Restriction endonucleases

Description

Product Details

Digest Guidelines 

• Standard reaction conditions: In order to overcome DNA source variability, a ~10 fold overdigest is suggested: 

10U SstI	1μl
10x EQ buffer	5μl
DNA substrate	1μg
Sterile ultrapure water	Up to 50 μl
Incubate for 60 min at 37oC

• Speed Digest reaction:  Incubate for 15 minutes as in standard reaction in 1x R1 or 1x EQ buffer. 

• Activity(%) in EnzyQuest buffers -Double digest tips 

R1	R2	R3	R4	R5	EQ
100	25-50	25	<10	50	–

Reactions were performed as for unit definition reaction. The above data could be used as guideline for double digest reactions. Our enzymes are also active and compatible in buffer systems from other vendors.   

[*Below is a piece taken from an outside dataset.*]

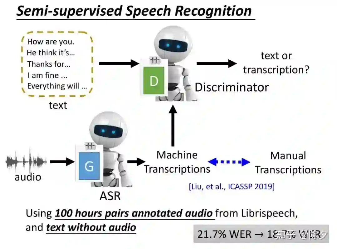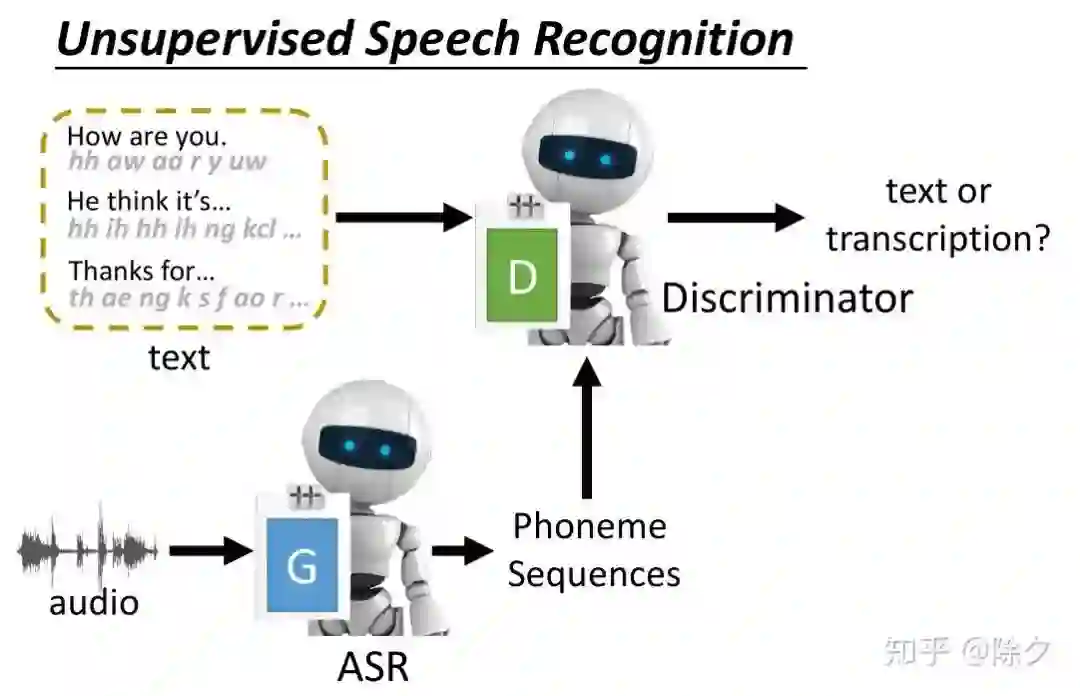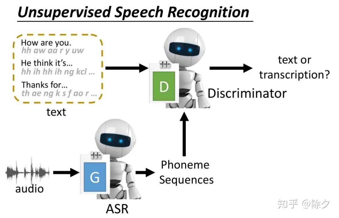 文本风格迁移甚至可以做无监督的语音识别。生成器G的输入是一段声音,输出是这段声音的语音识别文字结果。而判别器需要去判断它像不像是人说的句子。

Heat inactivation: 65oC for 20 minutes 

Methylation Sensitivity: 

dam methylation: Not sensitive 

dcm methylation: Not sensitive 

CpG methylation: Not sensitive 

Unit calculation assay conditions:  

• 1x R1 buffer 
• Lambda DNA (Hind III digest) 
• Incubation at 37ºC  

 Storage conditions:  

• 50 mM NaCl 
• 10 mM Tris-HCl (pH 7.4) 
• 0.1 mM EDTA  
• 1 mM dithiothreitol 
• 200 μg/ml BSA 
• 50% glycerol  
• Store at -20ºC 

Non-specific nuclease activity: 100 units of Sst I do not produce any unspecific cleavage products after 16 hrs incubation with 1 μg of Lambda DNA (Hind III digest) at 37oC. 

Re-ligation and recut: After 50-fold overdigestion with Sst I, greater than 95% of the DNA fragments can be ligated and recut with this enzyme.